Non: il y a plus important que tout cela, et c’est ce fait que chaque nouveau venu au bagne, deux heures après son arrivée, devient semblable à tous les autres, se trouve chez lui, membre à part égale de la grande coopérative du bagne, comme n’importe quel autre. Il est compris de tous, et les comprend tous; il est familier avec tous et tous l’avouent comme un des leurs. Il en va tout autrement du noble, du monsieur. Si juste et bon et intelligent qu’il puisse être, des années durant on le haïra et le méprisera, tous en bloc; on ne le comprendra pas, et surtout on ne lui fera pas confiance. Il n’est ni ami ni camarade et, même s’il obtient enfin, avec les années, qu’on ne lui inflige pas d’avanies, il ne cessera pas d’être un étranger. Eternellement, douloureusement, il sentira son isolement et sa solitude. Cette séparation s’établit parfois sans aucune mauvaise intention de la part des détenus, mais d’elle-même, inconsciemment: il n’est pas des nôtres, ün point, c’est tout. Rien de plus épouvantable que de vivre dans un milieu qui n’est pas le vôtre.
Le paysan transplanté de Taganrog à Port-Petropavlovsk trouvera là-bas, immédiatement, un paysan russe exactement semblable à lui, tout de suite prendra langue et s’entendra avec lui, et au bout de deux heures ils feront ménage ensemble, le plus pacifiquement du monde, dans la même izba ou la même cabane.

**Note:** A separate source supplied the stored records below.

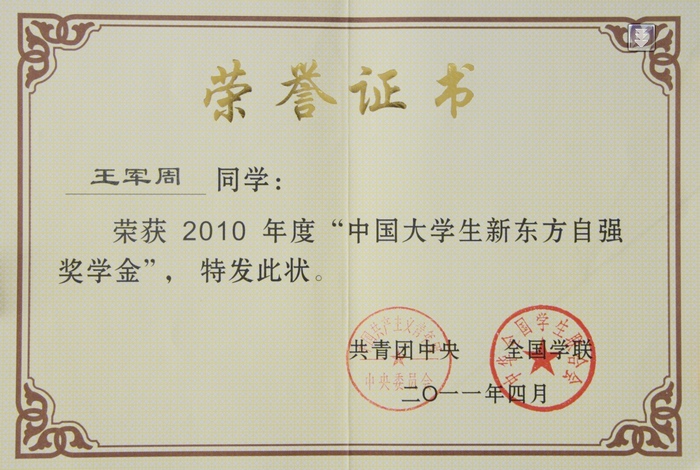 日前,由共青团中央、全国学联主办,中国青年报社和中国高校传媒联盟承办,新东方科技教育集团协办的2010年度 “中国大学生自强之星”、“中国大学生新东方自强奖学金”活动评选结果揭晓,我院信息工程学院王军周荣获“中国大学生新东方自强奖学金”提名奖,并获得中国大学生新东方自强奖学金2000元。
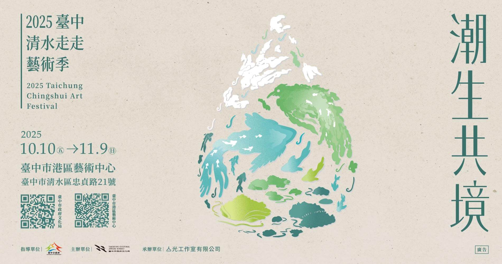 臺中清水的風,永遠是第一個抵達的觀眾。由臺中市政府文化局主辦、亼光工作室策劃的「2025臺中清水走走藝術季」以《潮生共境》為題,從風、土地、海洋與生態四大元素出發,透過藝術裝置與沉浸式體驗,邀請觀眾走入自然的節奏之中。風象徵變遷與能量的循環,揭示人與環境之間的張力;土地記錄濕地的呼吸與時間的堆疊;海洋反映人類行為的影子,而生態則串起地面與天空的生命鏈,見證共棲的微妙平衡。六位藝術家以互動機械、海廢編織、數位投影與聲音裝置回應風、土地、海洋與生態的四重命題,構築出專屬於清水的公共藝術場域,讓作品不再只是靜止的展示,而是深度挖掘清水如何在時間與自然的洪流中,與生命一起尋找共存之道。
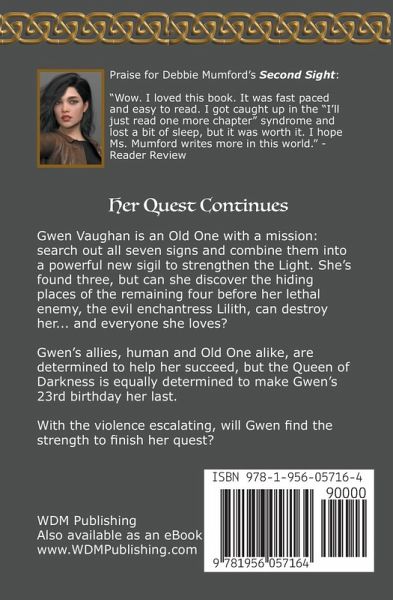 Gwen Vaughan is an Old One with a mission: search out all seven signs and combine them into a powerful new sigil to strengthen the Light. She's found three, but can she discover the hiding places of the remaining four before her lethal enemy, the evil enchantress Lilith, can destroy her… and everyone she loves? Gwen's allies, human and Old One alike, are determined to help her succeed, but the Queen of Darkness is equally determined to make Gwen's 23rd birthday her last. With the violence escalating, will Gwen find the strength to finish her quest?
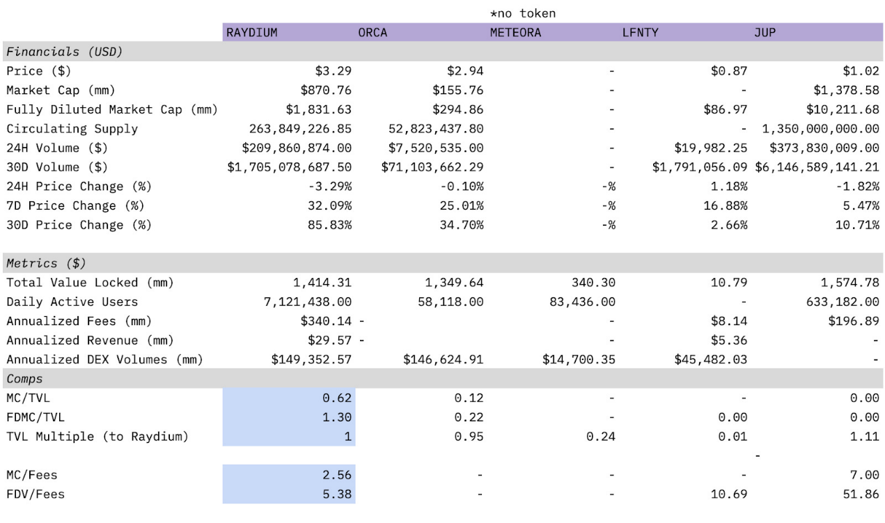 在图13中,将Raydium与Solana上最受欢迎的DEX进行了比较,即Orca、Meteora和Lifinity,这4种DEX加起来占Solana DEX总量的90%。此外还将Jupiter列为聚合器。Meteora没有代币,但为了便于比较,仍将其包括在内。
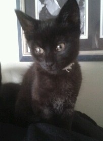Nelson is about 12 weeks old and is black with a little white under his chin. He is a happy go lucky kitten that loves to play with his siblings and have cuddles with you. Nelson is great with cat/kittens and is fine with dogs.
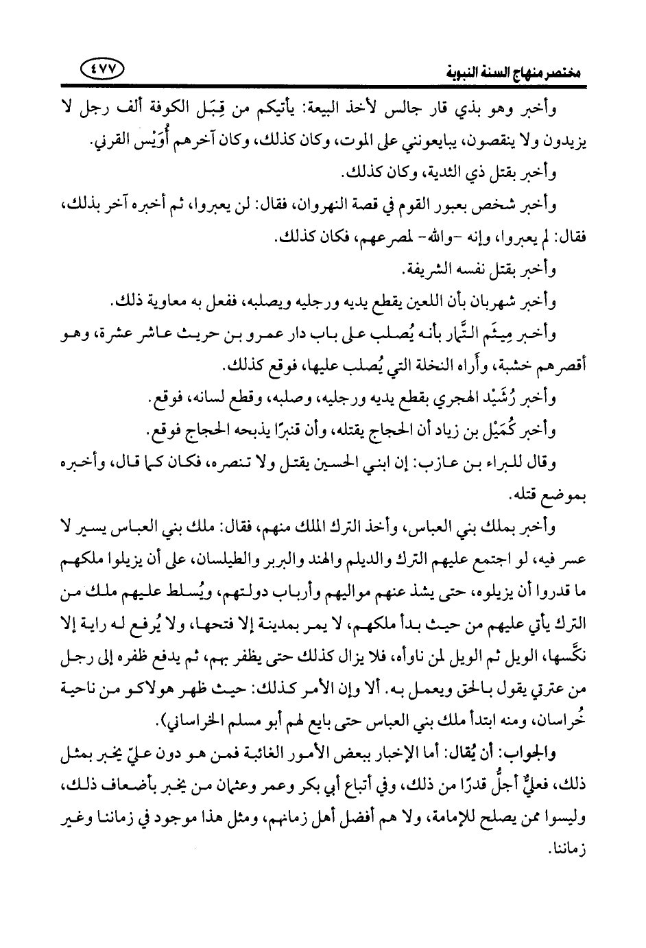 ودعوى الغلاة الَّذِينَ كَانُوا يَدَّعُونَ عِلْمَ عَلِيٍّ بِالْمُسْتَقْبَلَاتِ مُطْلَقًا كَذِبٌ ظَاهِرٌ فَالْعِلْمُ بِبَعْضِهَا لَيْسَ مِنْ خَصَائِصِهِ، وَالْعِلْمُ بِهَا كُلِّهَا لَمْ يَحْصُلْ لَهُ، وَلَا لغيره.
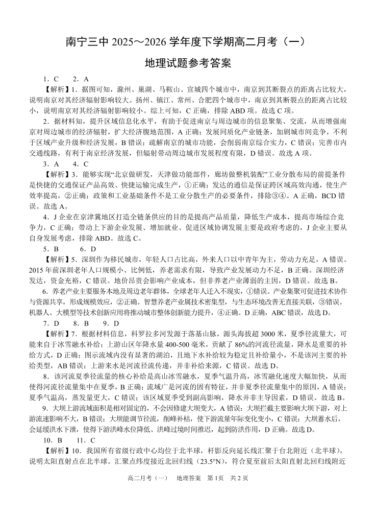 南宁三中2025-2026学年度下学期高二年级月考(一)地理答案.pdf

Il en va autrement du privilégié. Il est séparé de la masse du peuple par un abîme, une infinie profondeur, et la chose se remarque dans toute sa plénitude seulement quand le privilégié a été soudain, en vertu de circonstances extérieures, privé réellement et effectivement de ses droits anciens et changé en homme du peuple. Autrement, vous pouvez toute votre vie fréquenter le peuple, vous pouvez quarante années de suite vous rencontrer avec lui chaque jour, au bureau, par exemple, dans le cadre administratif conventionnel, ou même tout bonnement en ami, à titre de bienfaiteur et, en un certain sens, de père, - jamais vous ne connaîtrez le fond des choses. Il n’y aura dans tout cela qu’illusion d’optique, et rien de plus. Je le sais, tout le monde, absolument tout le monde, en lisant ces mots, dira que j’exagère. Mais je suis convaincu que je dis vrai. J’en ai été convaincu non par les livres, ni par les théories, mais par la vie réelle, et j’ai eu largement le temps de mettre ma conviction à l’épreuve. Peut-être que dans la suite tout le monde apprendra à quel point elle est juste ...

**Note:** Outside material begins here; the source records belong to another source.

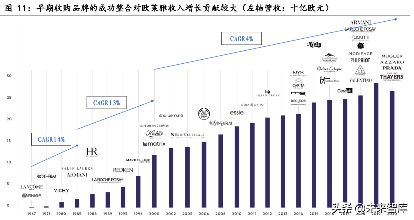4)多元化并購(gòu)(2001 至今):加速并購(gòu)補(bǔ)充細(xì)分定位及新興市場(chǎng)品牌 步入千禧年后,在集團(tuán)兩任 CEO 歐文中和安鞏的帶領(lǐng)下,歐萊雅集團(tuán)加 速并購(gòu)擴(kuò)充品牌矩陣,以滿足世界各地人群化妝品的新興需求,夯實(shí)集 團(tuán)作為化妝品業(yè)的霸主地位。此階段的收購(gòu)主要集中在護(hù)膚與彩妝領(lǐng)域, 也不乏香水以及洗臉儀、AR 化妝等新興科技方面的收購(gòu);收購(gòu)品牌的定 位則更加細(xì)分(如植村秀、Urban Decay、NYX、IT cosmetics、3CE 等 不同風(fēng)格的彩妝),或力圖通過(guò)收購(gòu)打開(kāi)新興市場(chǎng)(如在中國(guó)的一系列收 購(gòu)),此階段收購(gòu)的品牌目前體量不大,但為歐萊雅進(jìn)一步滿足細(xì)分人群 需求、拓寬客群做出了巨大貢獻(xiàn)。
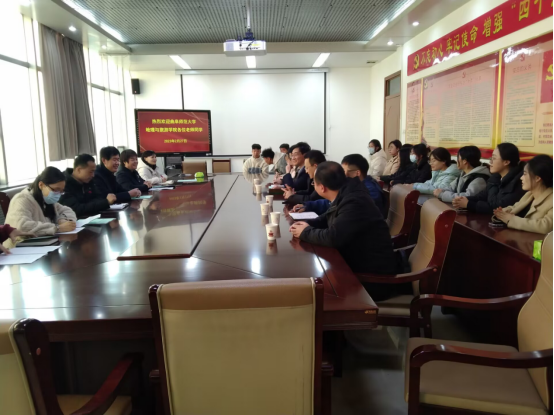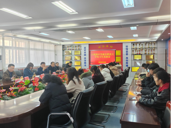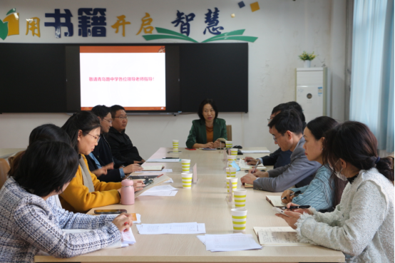 领导、老师在日照山海天旅游度假区青岛路中学座谈交流
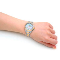 Корпус: Корпус круглой формы выполнен из нержавеющей стали марки 316L. Стойкое PVD покрытие желтым золотом на безеле и переводной коронке. Перламутровый циферблат украшен цирконами. Минеральное стекло. Диаметр корпуса модели составляет 34 мм. Водостойкость 50 метров (5 АТМ).
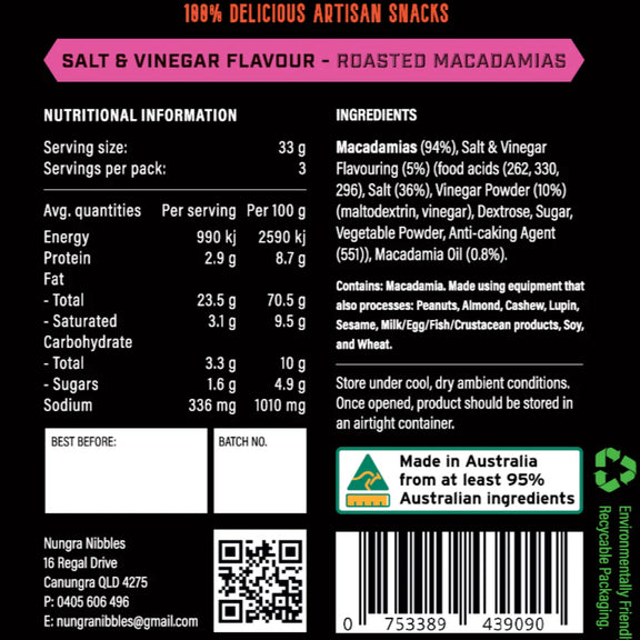 Prepare yourself for a flavour explosion with Nungra Nibbles Salt & Vinegar Roasted Macadamias! This delicious blend features Australian macadamias coated in a tantalizing mix of salt and vinegar that will leave your taste buds craving more.
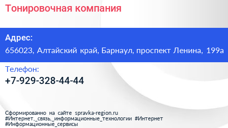 Тонировочная компания по адресу 656023, Алтайский край, Барнаул, проспект Ленина, 199а в дальнейшем Организация, размещена в следующих категориях:
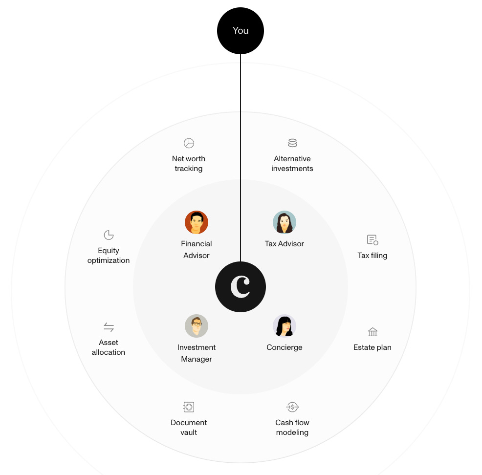 In January they raised a $25mn Series B. Compound has since grown into an all-in-one wealth management platform for tech employees centered around a wealth dashboard with visibility into public and private assets bundled with financial advisors, tax advisors and investment managers. They offer:
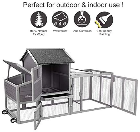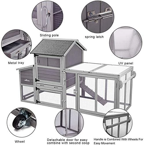 - Easy Movement: 2 Quality wheels with long design handle makes this backyard chicken house easily moveable. Placing the coop in different locations can result in happier chickens and better quality eggs!

Les événements, comme par hasard, confirmèrent dès les premiers pas mes observations, et ils agirent sur moi nerveusement, douloureusement. Durant ce premier été, j’errais par la prison à peu près seul avec moi-même. J’ai déjà dit que j’étais dans un état d’esprit à ne pas même pouvoir apprécier et distinguer ceux des bagnards qui pourraient m’aimer, - qui m’aimèrent en effet dans la suite, bien que jamais nous ne nous soyons rencontrés sur un pied d’égalité. J’avais, moi aussi, des camarades, d’anciens nobles, mais je n’étais nullement soulagé par cette camaraderie. J’aurais voulu ne rien voir, je crois, mais pas moyen de fuir. Et voici, à titre d’exemple, une des occasions qui, dès le début, me firent le mieux comprendre mon caractère d’élément étranger et l’originalité de ma situation au bagne.
Une fois, dans ce même été, déjà vers le mois d’août, un jour de semaine clair et torride, dans la première heure de l’après-midi, comme, selon la coutume, tout le monde reposait avant la reprise du travail, soudain tout le bagne se leva comme un seul homme et alla se ranger dans la cour. Moi, je ne savais rien, jusqu’à cette minute même. A cette époque, j’étais parfois si profondément enfoncé en moi-même que je ne remarquais presque pas ce qui se passait autour de moi. Et cependant le bagne, depuis trois jours déjà, était en proie à une émotion sourde.